Suppose my loss is computed with a variable which was the output of my model, i.e.
loss = A (will constantly change in the subsequent iterations depending on the gradient) + B (was an output of the model, but is fixed after that)
How do i call loss.backward()?
I keep getting
RuntimeError: Trying to backward through the graph a second time, but the buffers have already been freed. Specify retain_graph=True when calling backward the first time.
The problem seems to be that I can’t let B be fixed, since it was the output of the model and it somehow thought it needs some buffers of B.
I do not want to retain any buffer (there shouldn’t be any reason I need to, should there? B is supposed to be fixed throughout, just passing through the model once), I just want a fresh iteration of backpropagation with A being updated based on the gradient and B fixed.
As far as I understand, you should at least retain the graph of B since pytorch saves intermediate tensors in that graph, not in components of nn module.
If your loss is really constructed with form of A + B, you can call A.backward() and B.backward(retain_graph=True) separately.
feature_target = model(input1)
feature_identity = model(input2)
for i, data in enumerate(loader):
feature_adversarial = model(data)
distance_target = torch.sum((feature_adversarial - feature_target.clone()) **2)
distance_identity = torch.sum((feature_adversarial - feature_identity.clone()) ** 2)
loss = distance_target + 2*distance_identity
loss.backward()
In that case you should call loss.backward(retain_graph=True) instead of loss.backward() to retain saved intermediate tensors those are necessary to compute gradients. Otherwise you would lose the information for gradient computation.
If it’s not the case, please tell me what do you mean to say but they are fixed thereafter. in detail. Does it mean you want feature_target and feature_identity don’t affect on model update?
Yup, just like the code you posted. So feature_target and feature_identity are fixed in the loop.
Just to understand more about retain_graph, why should I retain it? Which information from (i-1)-th iteration does i-th iteration needs. As far as I know, there should be none, feature_target and feature_identity should be treated as constants. What am I missing here?
feature_target = model(input1)
feature_identity = model(input2)
feature_adversarial = model(data)
for i in range(100):
distance_target = torch.sum((feature_adversarial - feature_target.clone()) **2)
distance_identity = torch.sum((feature_adversarial - feature_identity.clone()) ** 2)
loss = distance_target + 2*distance_identity
loss.backward()
feature_adversarial = update(feature_adversarial)
model(feature_adversarial)
Basically retain_graph option retains the intermediate tensors created while construction of computation graph. Without this, backward function would destroy all the connected computation graph.
Picture in above question could be helpful.
In this case, what we want to retain is the intermediate tensors created from
part, which should be used to compute gradients later.

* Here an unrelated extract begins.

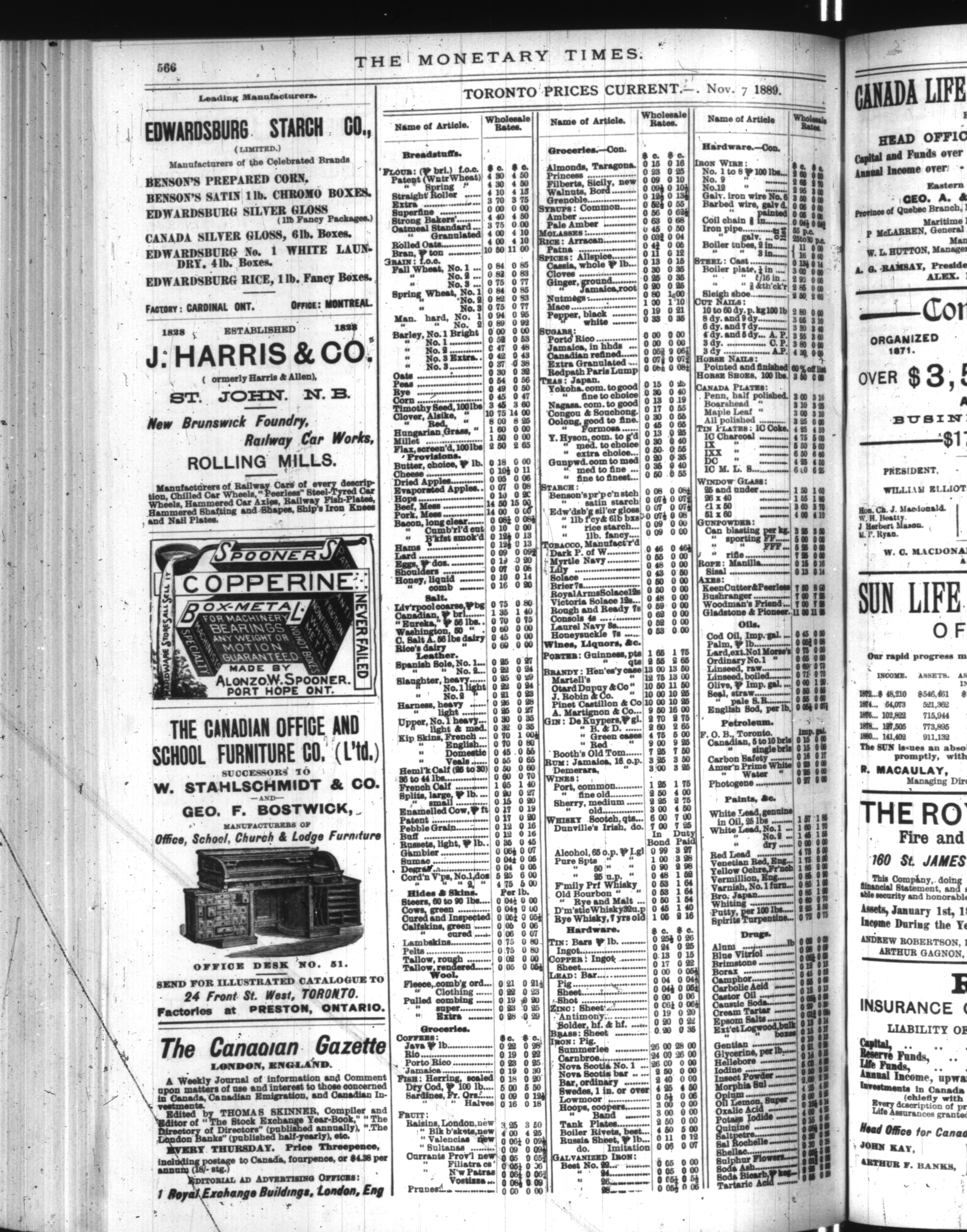 The monetary times, trade review and insurance chronicle : Vol. XXIII, No. 19 (November 8, 1889)
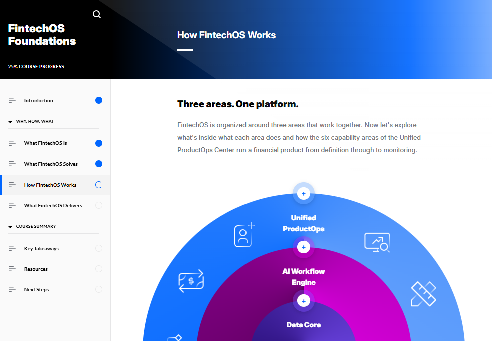 FintechOS Academy The Academy has all the resources and support to take your career to the next level. Empowering you with the skills to be at the forefront of digital transformation and shape the future of financial services.

If you call loss.backward() without retain_graph option, you will lose information about not only feature_adversarial of i-th iteration, but also feature_target and feature_identity since loss computation graph contains computation graphs of them as well.
Of course information of feature_adversarial would be retained if you use loss.backward(retain_graph=True), which is wasteful.
But in my personal opinion, maybe pytorch will destroy computation graph of feature_adversarial of i-th iteration when new feature_adversarial is constructed on i+1 th iteration.